Я сказал - в журналах, в газетах.
- Это дело. Ну, а насчет войны што - будет али нет? - перекинулся разом Василь Василич.
И у нас поднялся тот бесконечный вопрос об опасностях войны для крестьянства, о разорении и прочем, который здесь подымается так часто. Разговорились до полуночи. Я объяснял что и как мог. Все сидели молча, слушали. На полатях темной закопченной избы старушка мать - и та не спала, слушала. Только молока нам втащила, поставила- и айда кверху. На постели Вася с Ваней, облокотив подбородки на ладони, впивались в меня взглядами, слушали все внимательно, затаив дыханье. Завлек их разговор-рассказ мой.
Когда пошли на сеновал, все гурьбой провожали: кто светил, кто нес одеяла, покрывала… Легли. И сотни невидимых кровопийц тотчас впились в тело: блохи, вши, невидимые камушки, налетели, зазвенели комары, полезла за пазуху сенная труха… С час ворочались мы и почесывались с Борисом Федорычем. Потом слышу - и он захрапел. Вася с Ваней захрапели раньше. Такое зло-обида взяла, что спать не могу. Встал, закурил и снова встал, покурил, а заснуть так ни минуты и не сумел. Еще темная темь была, когда я разбудил Бориса Федорыча.
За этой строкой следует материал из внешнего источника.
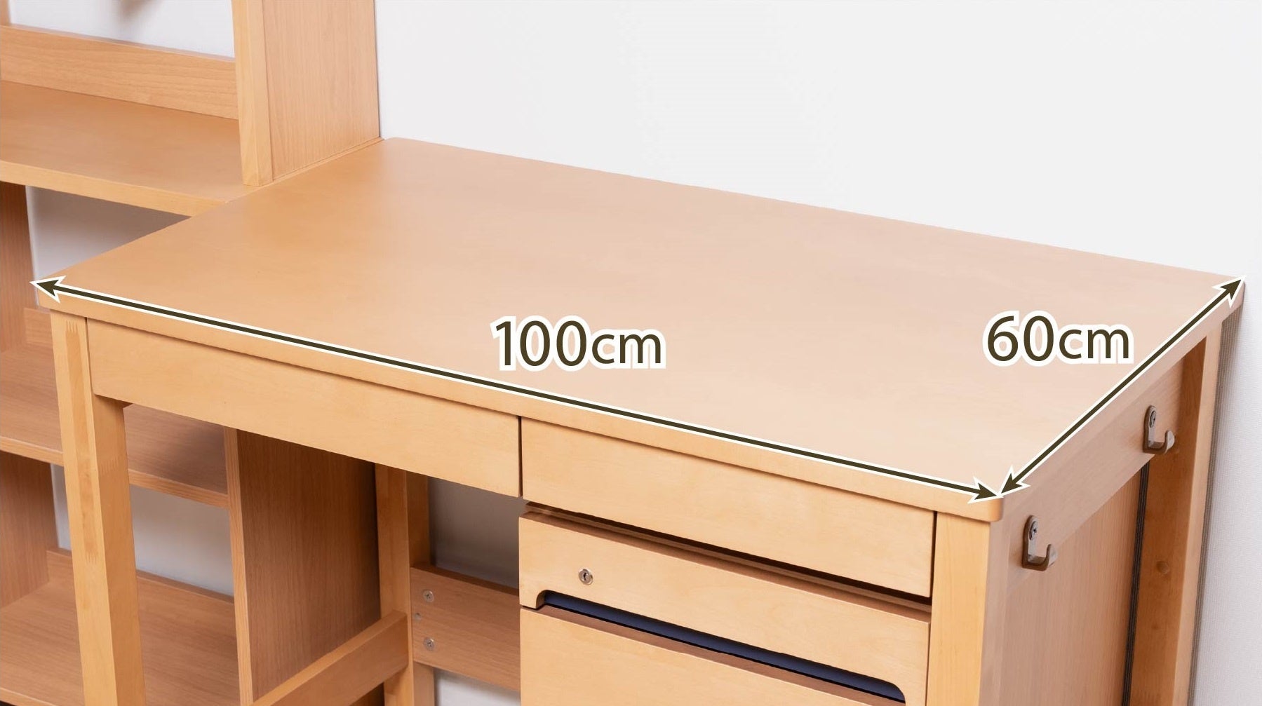デスク天板は幅100㎝、奥行60㎝。デスク天板上に書棚がないので、圧迫感なく広々とご使用いただけます。デスクライトは卓上タイプか天板奥にクランプ式ライトも取り付け可能です。

Разбудили и Васю; он - провожатым куда-то на новую, никому неведомую глухую сечь, где уйма малины. Зашагали во тьме.
Вася, босой, впереди, по лесным тропкам, по зарослям, болотами, вязкими топями. Было хмурое дождливое утро. Деревья намокли и стряхивали на нас густые липкие капли. Высокая трава промочила брюки, мы насквозь были мокры, настроение пакостное, измерзли, задрогли. А Вася босой - и ничего, шагает. Я еще тут подумал: какие-то они особенные люди, словно из другого теста сделаны. Вот и сейчас- как ни в чем не бывало. И в армию попадет, такие будет походы отхватывать, только дивись. Тоже вот по стуже, босой или с натертыми ногами - вынесет все… Удивительный народ! У Васи нет сапог, давно ему собираются сшить, да со средствами никак не соберутся. Шли-шли - вот она и сечь. Отец святый что-то под нос себе буркает, бранится, что тьма еще темная, ягод не видит на кустах, одна ежевика тычет в нос. А дождик мочит и мочит. Сели мы под елочку, пережидаем, не минует ли. Вася на небо глянул.
- Этот, - говорит, - надолго. Все небо затянуло. И стало нам тошно-тошнехонько.
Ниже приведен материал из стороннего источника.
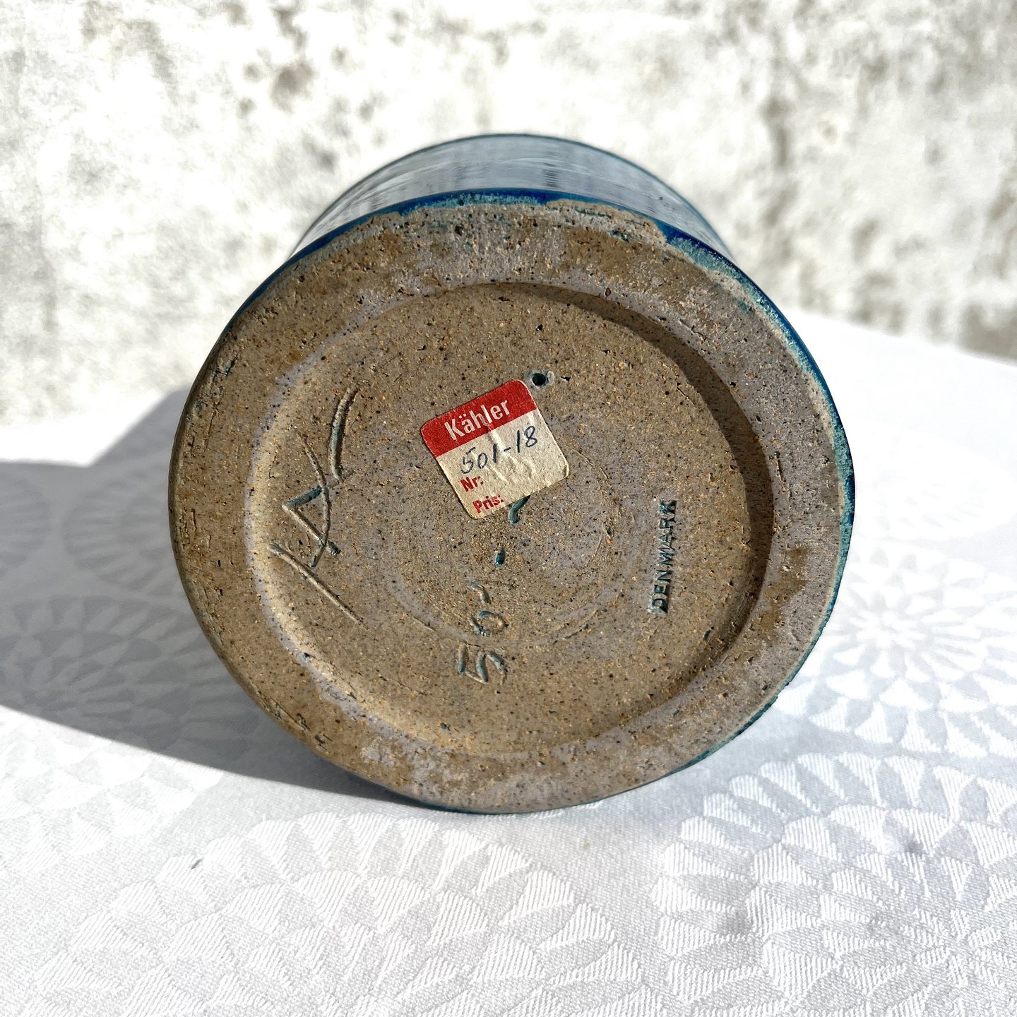 Kähler Keramik, Vase mit blauer Glasur, 18 cm hoch, 10,5 cm Durchmesser, Nr. 501 - 18, Signiert hak, Design Nils Kähler * Perfekter Zustand *

Ан, погода переменилась. Стало светлей-светлей, скоро и голубеть начало, солнце показалось. Повеселели мы. Вася куст нашел - красна, крупна, светит, гроздьями висит. И меня позвал. Разговорились мы понемногу, и жаль мне стало Васю. Девятнадцать лет живет в лесу, здесь родился, здесь и умрет, видимо, лесником, как покойный отец его, от которого сыну по наследству и сторожка перешла. Писать-читать кое-как выучился Вася, но дальше Козельска не бывал, даже Калугу разу единого не видал. И хотел я Васе молвить доброе слово.
- А вот в Москву попал бы, - говорю, - на курсы стал бы ходить, все узнал бы. Теперь крестьянам дорога широкая. Как, Вася, наверно, хотелось бы?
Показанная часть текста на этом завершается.